Listed Building – Grade II
- Official name: Odeon Cinema and Odeon Buildings
- Designated: 23 April 1981
- Reference no.: 1259501

Website
- Official website

= Odeon Cinema, York =

Listed cinema in York, England

The Odeon Cinema is a Grade II listed building immediately west of the city centre of York, England.

The Odeon Cinemas chain was keen to build a cinema in York, but it could not gain permission to construct a large building within the city walls. Initial plans were toned down, and the resulting building is almost entirely of buff brick, with none of the tiles which often feature in Harry Weedon's work. Following these changes, permission was granted to build on Blossom Street, just outside the walls.

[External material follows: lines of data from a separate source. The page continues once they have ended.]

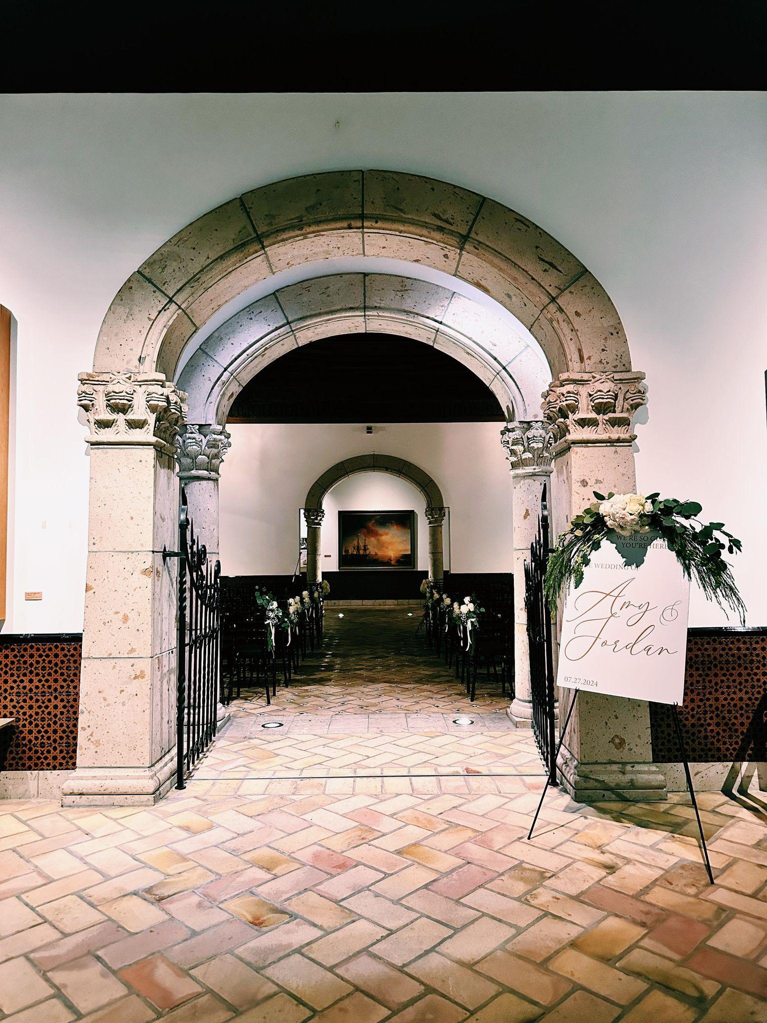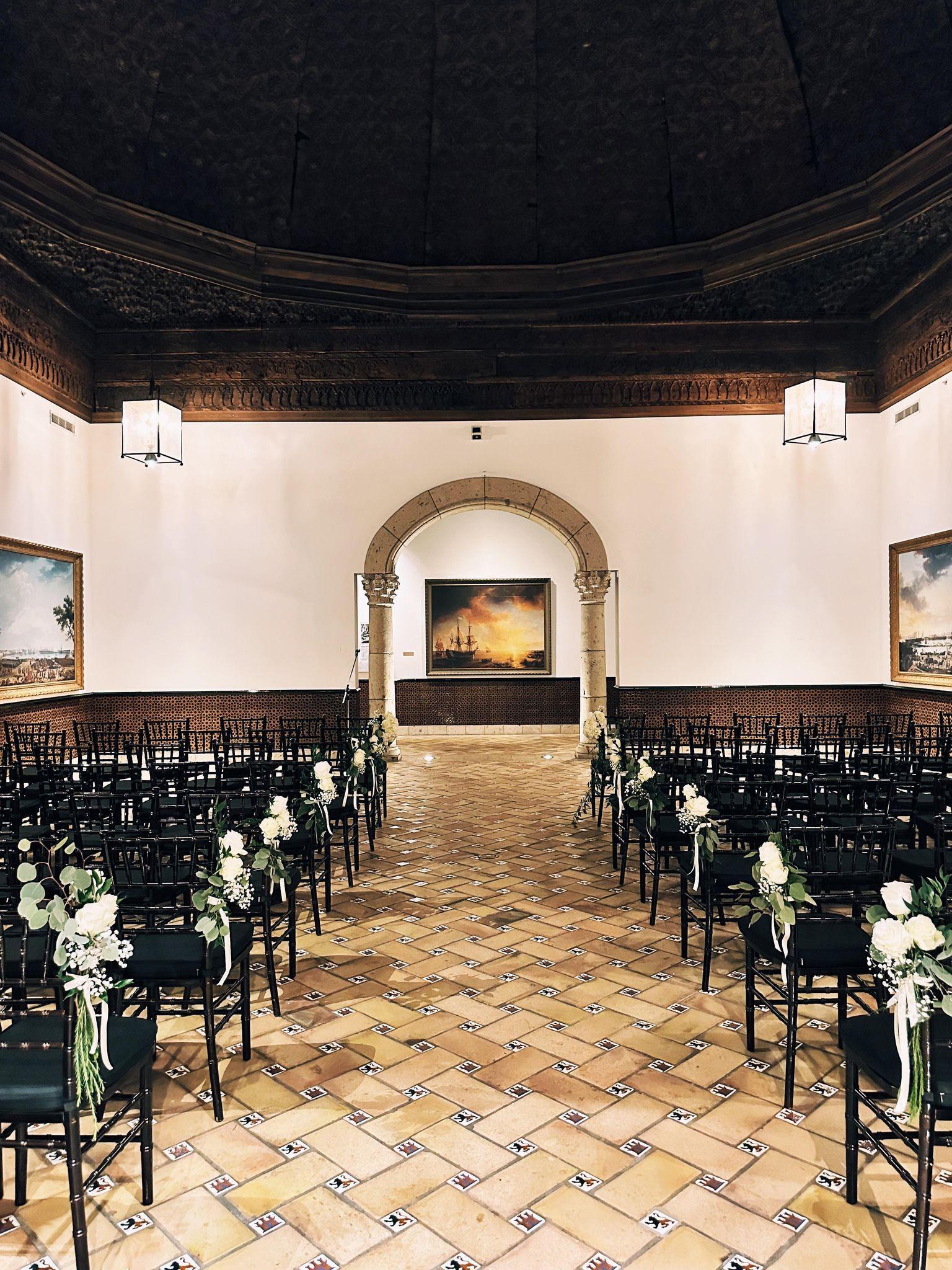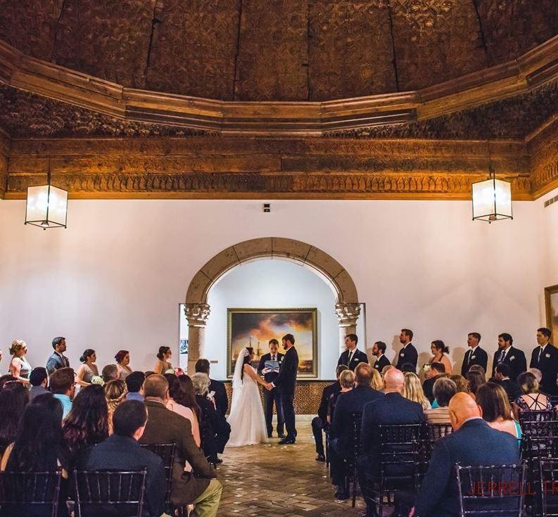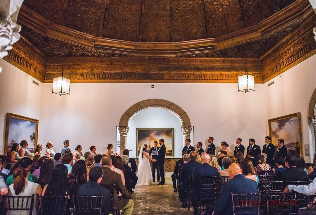 This space is the ideal setting for memorable wedding ceremonies with it's eye-catching domed ceiling, stone archways, and stunning paintings on display.
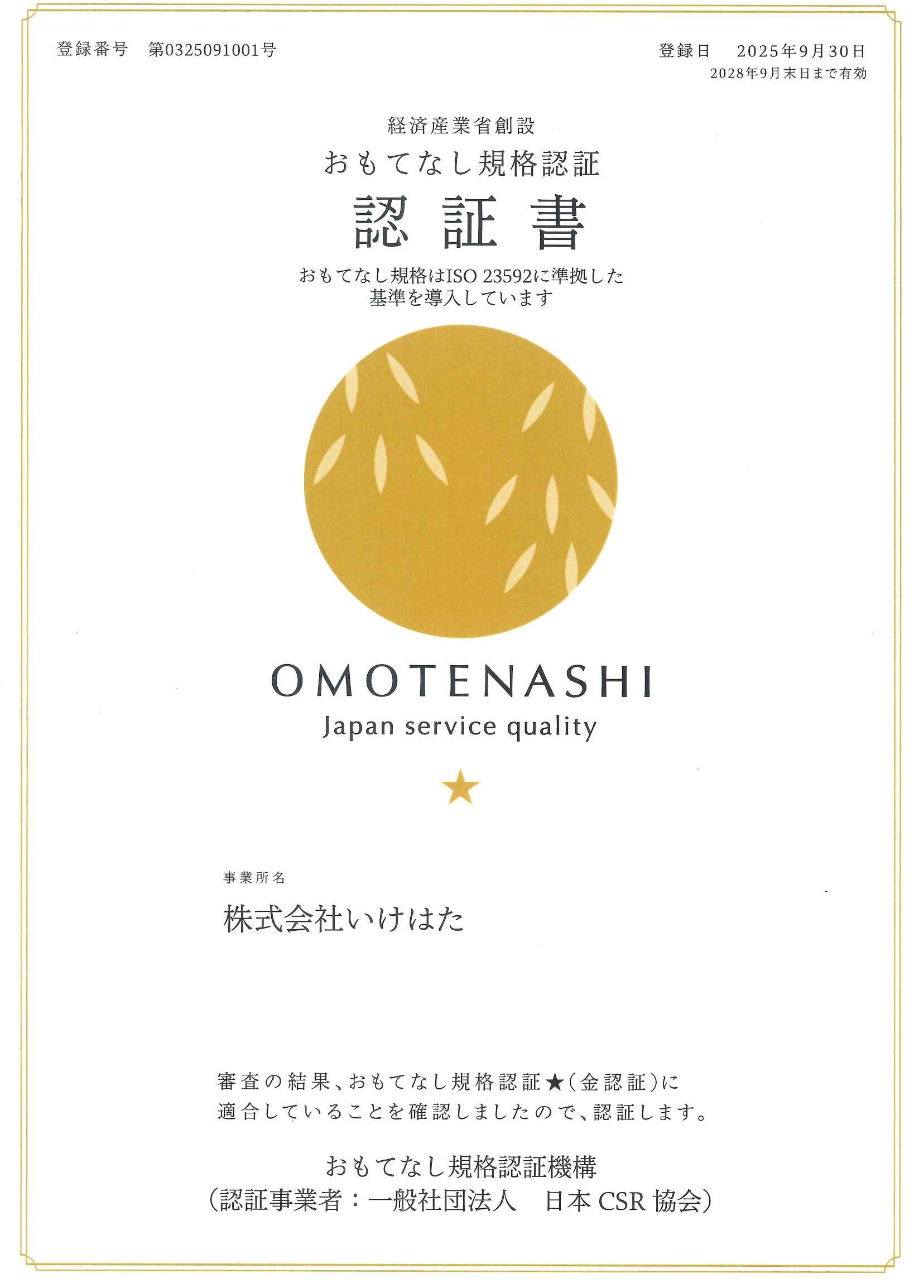 株式会社いけはたは「おもてなし規格認証」の審査を経て、2025年9月30日付けで再認証されました。
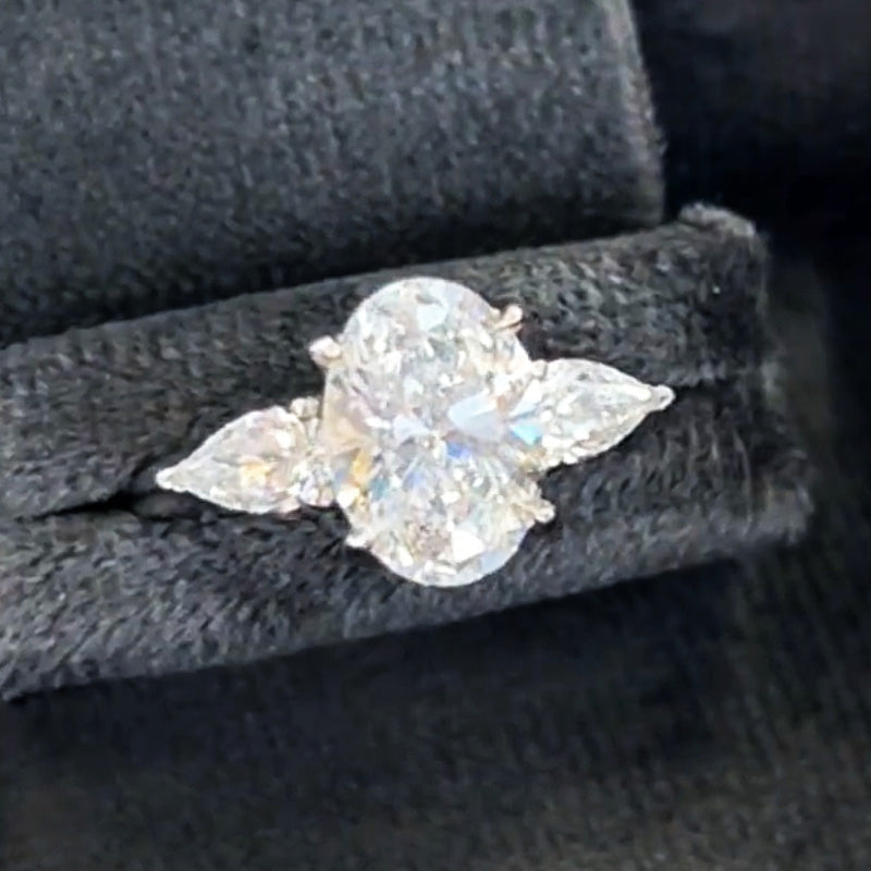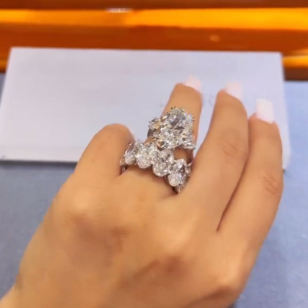 Sparkly 4ct Oval Cut Centered with Two Pear Cut White Sapphire Women's Engagement Ring in Silver-JEWELBUYS
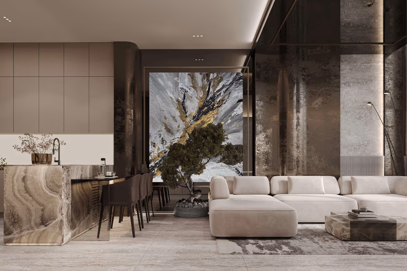 Each apartment within Arya Residences is fully furnished with bespoke designer pieces and thoughtfully curated interiors. With unit types ranging from one-bedroom apartments to five-bedroom duplex penthouses, the homes feature sky pools, personal assistant robots, and advanced smart home technology. Premium finishes reflect a commitment to both luxury and ease of living. These residences are not only elegant but truly intelligent, designed for a lifestyle of effortless comfort.
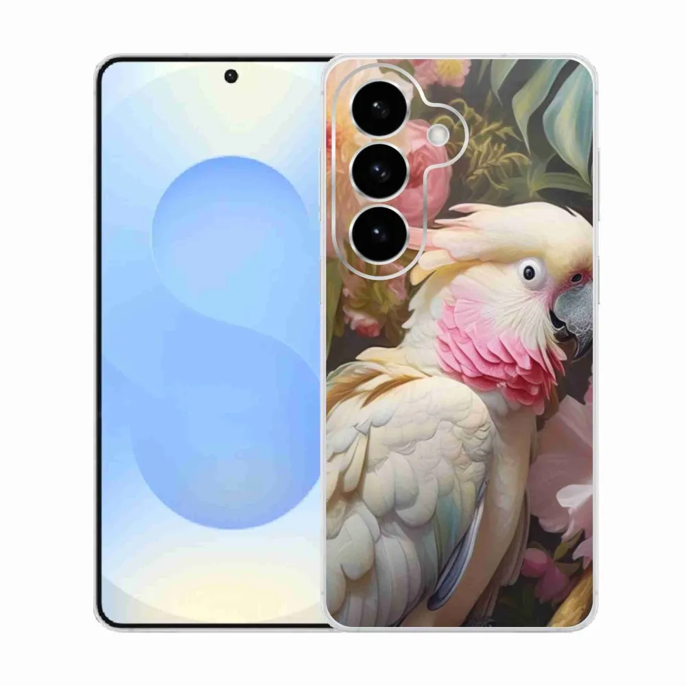 Pružný gelový obal mmCase s obrázkem na Samsung Galaxy S26 - papoušek kakadu růžový 2
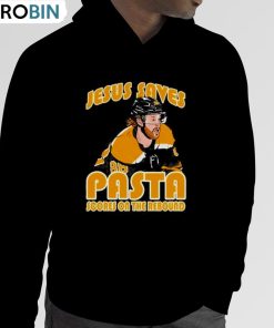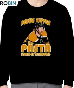 David Pastrnak Jesus Saves Pasta Scores Shirt details
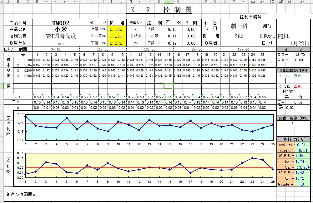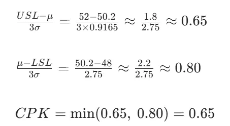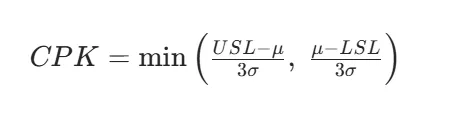 CPK怎么算?分享一份CPK自动计算EXCEL表.xlsx–实用表单模板 质量文库:质量人的资料库 CPK怎么算? CPK(制程能力指数)直接给你最简公式 + 一步一步算,不用记复杂推导。 一、CPK 计算公式 CP(潜在能力)CP=6σUSL−LSL CPK(实际制程能力)CPK=min(3σUSL−μ,3σμ−LSL) 符号说明: USL :规格上限 LSL :规格下限 μ :样本平均值 σ :样本标准差(一般用整体标准差,分母 n,不是 n-1) 二、一步一步计算示例 假设: 规格:50±2 → USL=52,LSL=48 测量 10 个数据:50, 51, 49, 50, 50, 52, 49, 50, 51, 50 1. 求平均值 μ 总和 = 502μ=502÷10=50.2 2. 求标准差 σ 用整体标准差公式: 算出:σ≈0.9165 3. 算 CPK 3σUSL−μ=3×0.916552−50.2≈2.751.8≈0.653σμ−LSL=2.7550.2−48≈2.752.2≈0.80CPK=min(0.65,0.80)=0.65 三、CPK 结果怎么判 CPK < 0.67:制程能力严重不足 0.67 ~ 1.00:一般,需改善 1.00 ~ 1.33:尚可 1.33 ~ 1.67:充分,稳定 >1.67:制程能力优秀 CPK自动计算EXCEL表.xlsx 质量文库:资料获取 点下方阅读原文,下载学习资料!

The building opened as an Odeon Cinema on 1 February 1937. It was designed by Weedon, with assistance of Robert Bullivant, and with interiors attributed to Lily Deutsch. Construction cost £40,500. On opening, it had 1,484 seats: 934 in the stalls and 550 on the balcony. In 1972, it was converted to three screens, with the balcony extended forward to form one 800-seat auditorium and the rear of the former stalls divided into two smaller screens, each with 111 seats. It was designated a Grade II listed building in 1981.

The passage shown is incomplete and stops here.